▶ _Activity_
From the data that follows, set down exactly the lines from the one with "GIGI-Set Costume de" through the one with "インナーは、ストリートシーン", counting both. Pictures stay out.

▶ _Extracted information_
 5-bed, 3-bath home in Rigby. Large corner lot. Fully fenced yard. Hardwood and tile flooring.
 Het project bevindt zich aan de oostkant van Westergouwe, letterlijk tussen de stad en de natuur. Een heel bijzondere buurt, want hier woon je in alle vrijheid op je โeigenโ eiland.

--

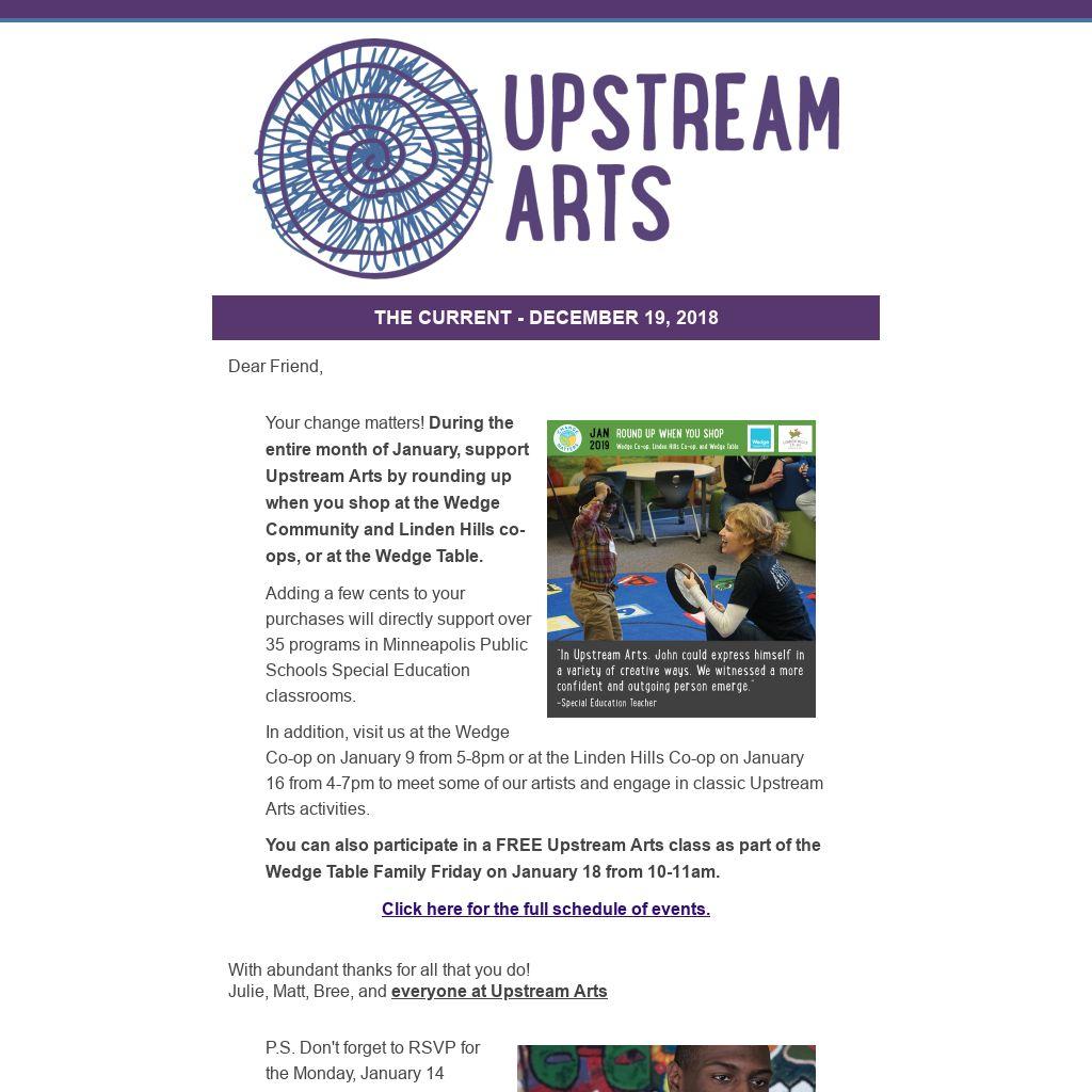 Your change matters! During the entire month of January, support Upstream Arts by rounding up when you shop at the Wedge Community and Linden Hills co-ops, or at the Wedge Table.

==

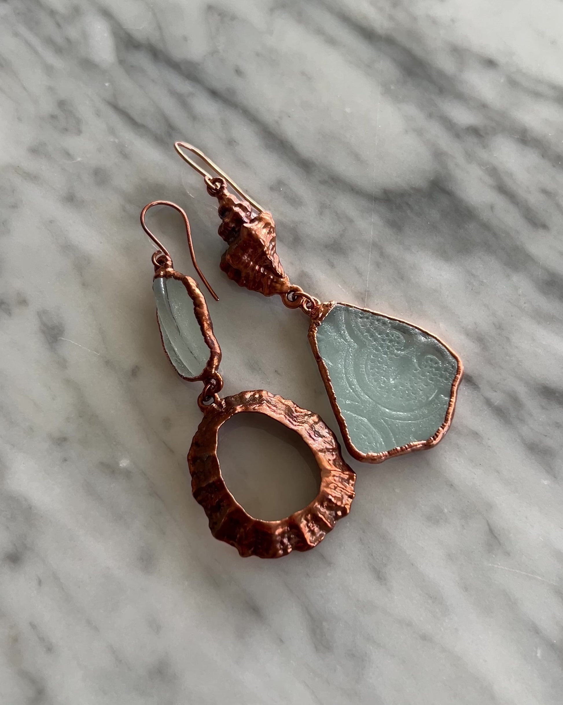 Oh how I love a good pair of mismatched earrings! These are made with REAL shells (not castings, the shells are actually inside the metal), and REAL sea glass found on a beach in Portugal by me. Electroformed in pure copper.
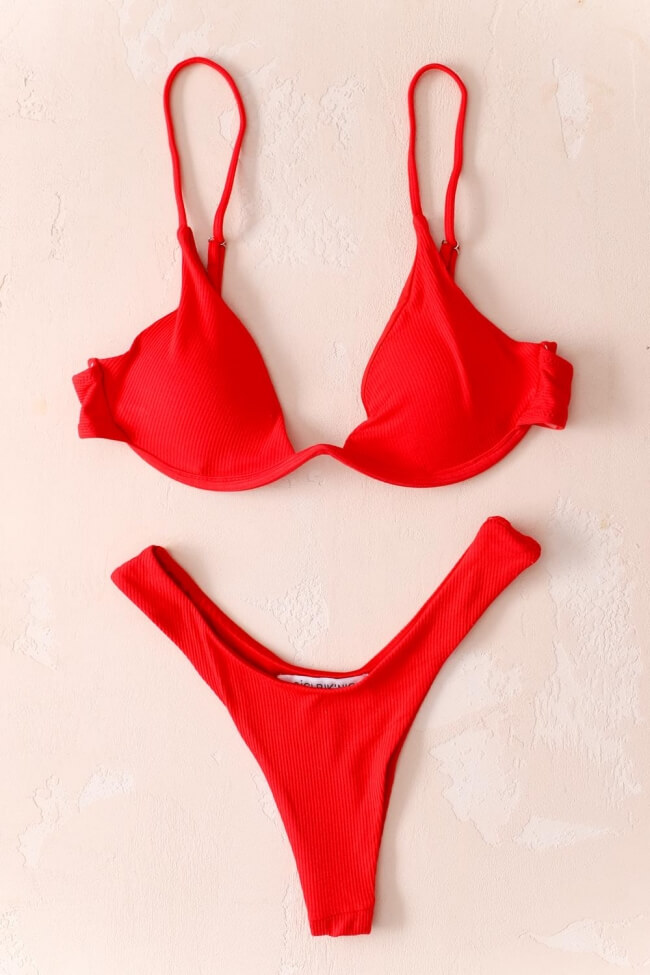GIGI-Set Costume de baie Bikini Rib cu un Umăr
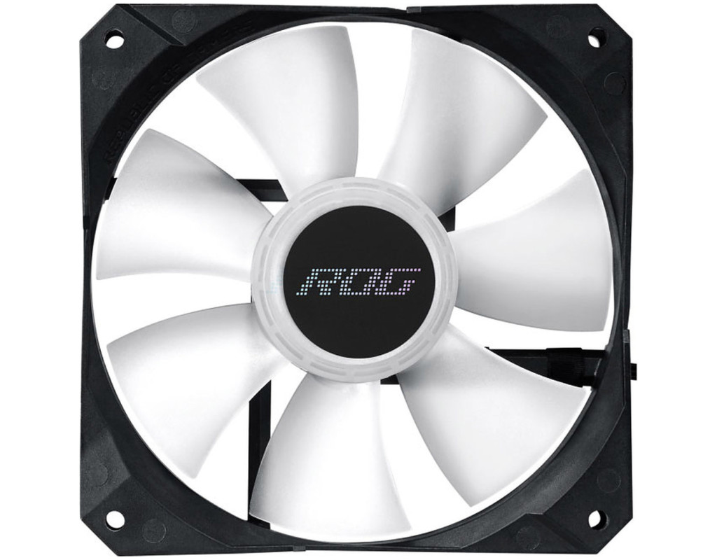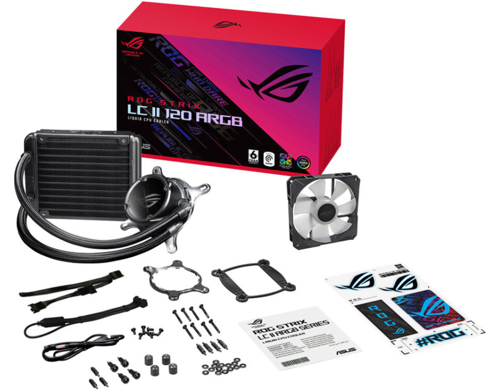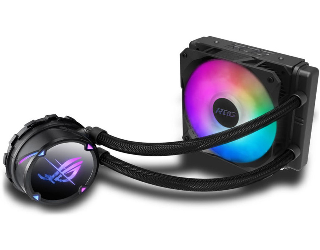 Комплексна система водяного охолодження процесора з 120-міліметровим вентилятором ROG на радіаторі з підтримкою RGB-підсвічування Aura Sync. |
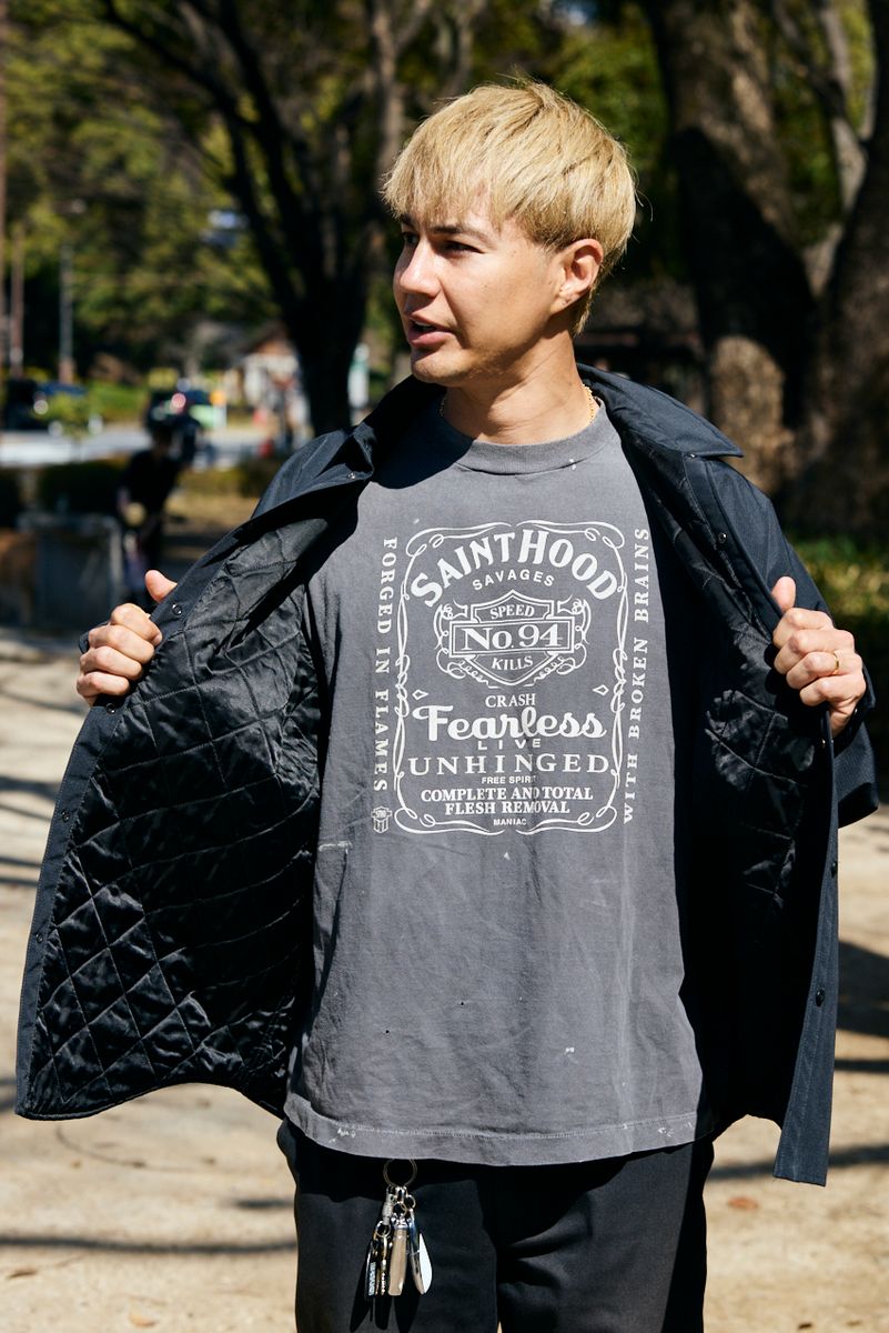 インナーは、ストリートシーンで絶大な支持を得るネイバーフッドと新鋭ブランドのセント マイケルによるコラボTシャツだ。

▶ _Written answer_
GIGI-Set Costume de baie Bikini Rib cu un Umăr
 Комплексна система водяного охолодження процесора з 120-міліметровим вентилятором ROG на радіаторі з підтримкою RGB-підсвічування Aura Sync. |
 インナーは、ストリートシーンで絶大な支持を得るネイバーフッドと新鋭ブランドのセント マイケルによるコラボTシャツだ。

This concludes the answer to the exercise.